EXERCISE DATA section start

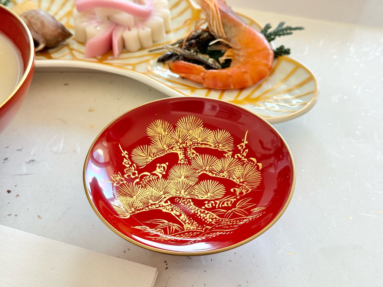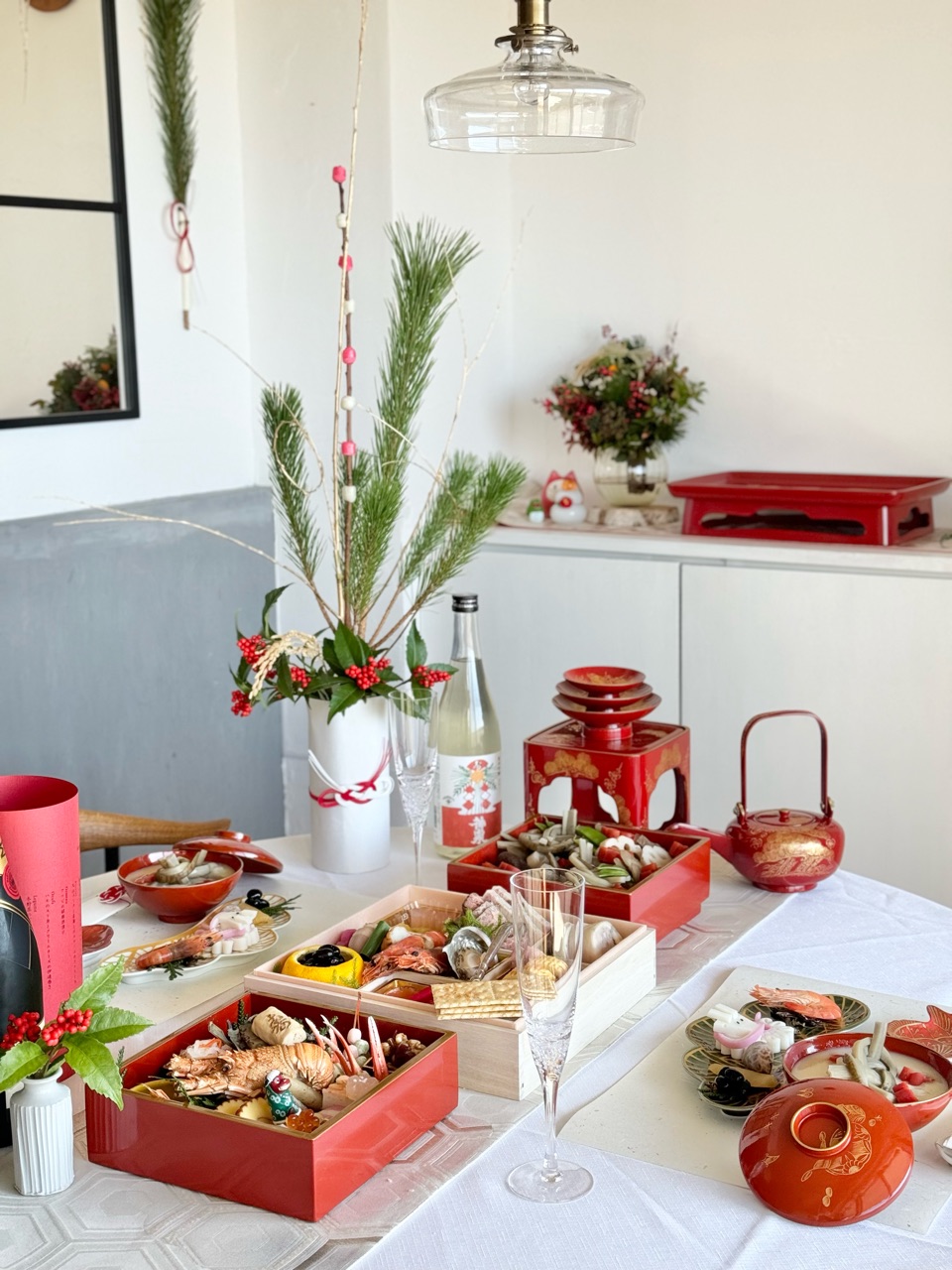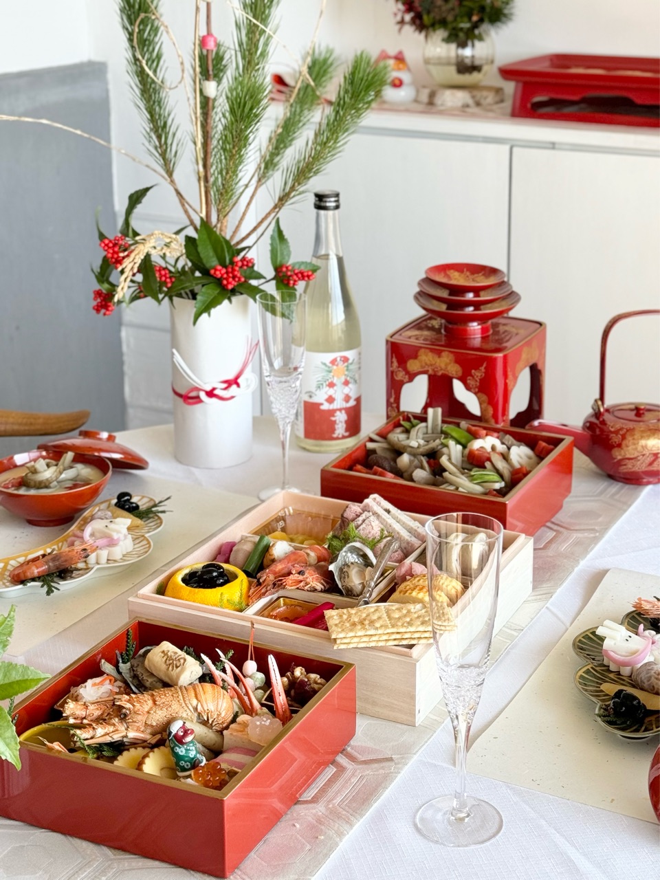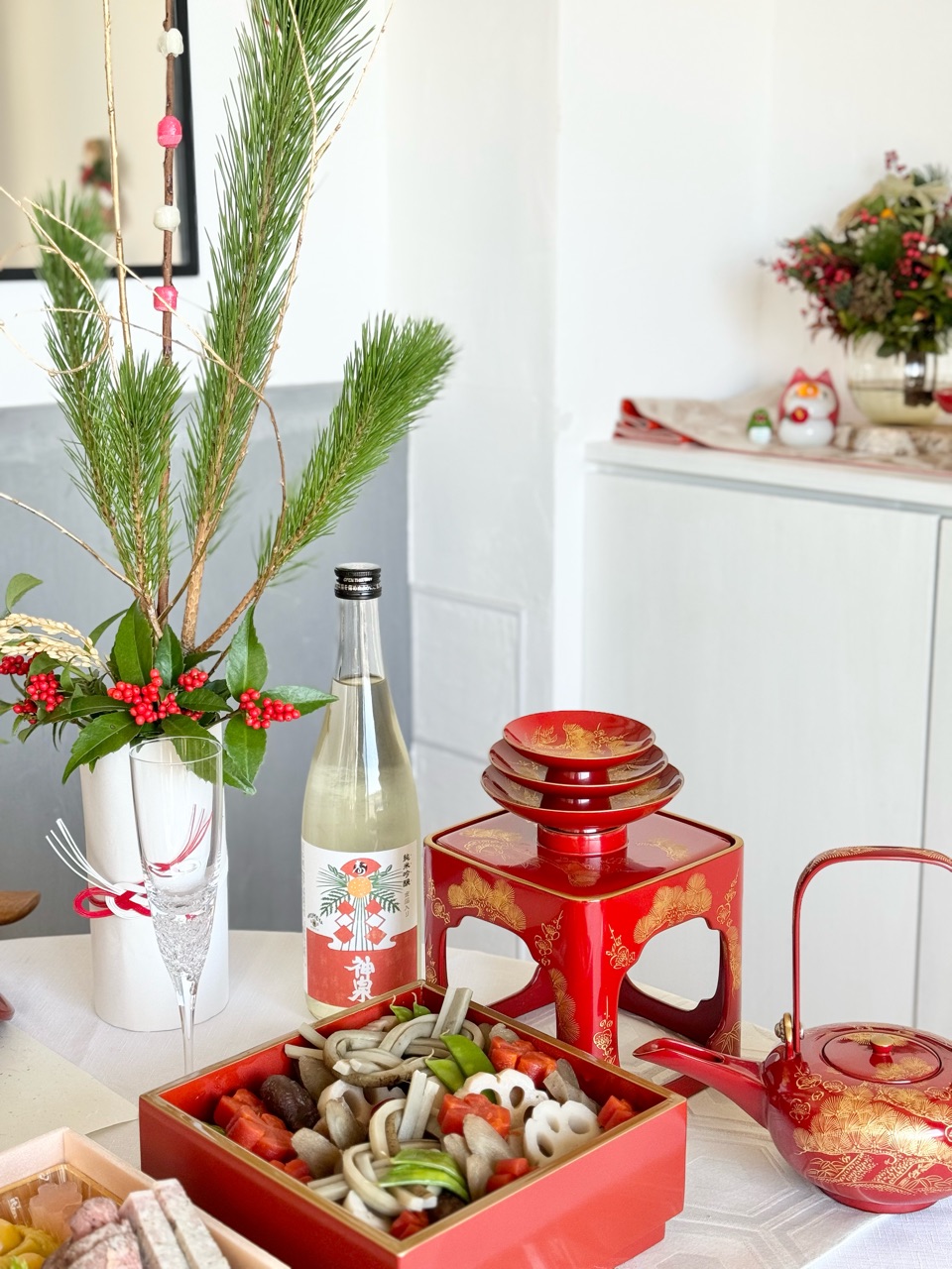 今年は、実家から持ってきた漆の重箱やお屠蘇セットを並べたら、赤色がいっぱいでおめでたい雰囲気が上がりました。
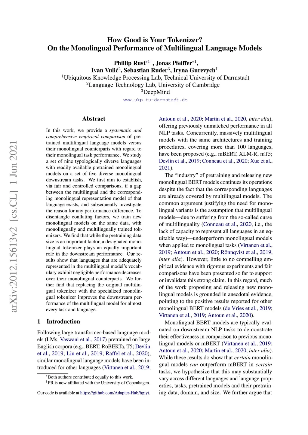 In this work, we provide a systematic and comprehensive empirical comparison of pretrained multilingual language models versus their monolingual counterparts with regard to their monolingual task performance. We study a set of nine typologically diverse languages with readily available pretrained monolingual models on a set of five diverse monolingual downstream tasks. We first aim to establish, via fair and controlled comparisons, if a gap between the multilingual and the corresponding monolingual representation of that language exists, and subsequently investigate the reason for any performance difference. To disentangle conflating factors, we train new monolingual models on the same data, with monolingually and multilingually trained tokenizers. We find that while the pretraining data size is an important factor, a designated monolingual tokenizer plays an equally important role in the downstream performance. Our results show that languages that are adequately represented in the multilingual model's vocabulary exhibit negligible performance decreases over their monolingual counterparts. We further find that replacing the original multilingual tokenizer with the specialized monolingual tokenizer improves the downstream performance of the multilingual model for almost every task and language.
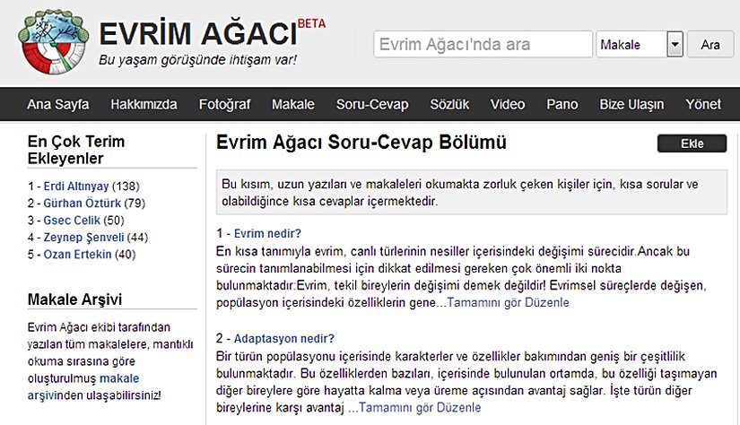 ÇOK YAKINDA SİZLER DE BİRER EVRİM AĞACI YAZARI OLABİLİRSİNİZ! Sitemiz, ilk etapta sıradan bir internet sitesi olarak gözükebilecek olsa da, önümüzdeki dönemde çok orjinal ve Türkiye'de ilk defa uygulanacak bir projeye dönüşecektir. Bu projenin detaylarını, gizlilikten ötürü şu etapta vermeyeceğiz. Ancak çok yakın zamanda, sizlerin de günlük yaşantınız içerisinde birer Evrim Ağacı Yazarı olabileceğinizi ve kendi araştırma ve bilgilerinizle Evrim Ağacı'nın devasa arşivine katkı sağlayabileceğinizi ve Türkçeye çok kıymetli bilgiler kazandırabileceğinizi "çıtlatmış" olalım.

EXERCISE DATA section end

ABOUT THIS TASK. Copy the data exactly. Pictures do not belong in the copy.

ANSWER TO THE EXERCISE.
 今年は、実家から持ってきた漆の重箱やお屠蘇セットを並べたら、赤色がいっぱいでおめでたい雰囲気が上がりました。
 In this work, we provide a systematic and comprehensive empirical comparison of pretrained multilingual language models versus their monolingual counterparts with regard to their monolingual task performance. We study a set of nine typologically diverse languages with readily available pretrained monolingual models on a set of five diverse monolingual downstream tasks. We first aim to establish, via fair and controlled comparisons, if a gap between the multilingual and the corresponding monolingual representation of that language exists, and subsequently investigate the reason for any performance difference. To disentangle conflating factors, we train new monolingual models on the same data, with monolingually and multilingually trained tokenizers. We find that while the pretraining data size is an important factor, a designated monolingual tokenizer plays an equally important role in the downstream performance. Our results show that languages that are adequately represented in the multilingual model's vocabulary exhibit negligible performance decreases over their monolingual counterparts. We further find that replacing the original multilingual tokenizer with the specialized monolingual tokenizer improves the downstream performance of the multilingual model for almost every task and language.
 ÇOK YAKINDA SİZLER DE BİRER EVRİM AĞACI YAZARI OLABİLİRSİNİZ! Sitemiz, ilk etapta sıradan bir internet sitesi olarak gözükebilecek olsa da, önümüzdeki dönemde çok orjinal ve Türkiye'de ilk defa uygulanacak bir projeye dönüşecektir. Bu projenin detaylarını, gizlilikten ötürü şu etapta vermeyeceğiz. Ancak çok yakın zamanda, sizlerin de günlük yaşantınız içerisinde birer Evrim Ağacı Yazarı olabileceğinizi ve kendi araştırma ve bilgilerinizle Evrim Ağacı'nın devasa arşivine katkı sağlayabileceğinizi ve Türkçeye çok kıymetli bilgiler kazandırabileceğinizi "çıtlatmış" olalım.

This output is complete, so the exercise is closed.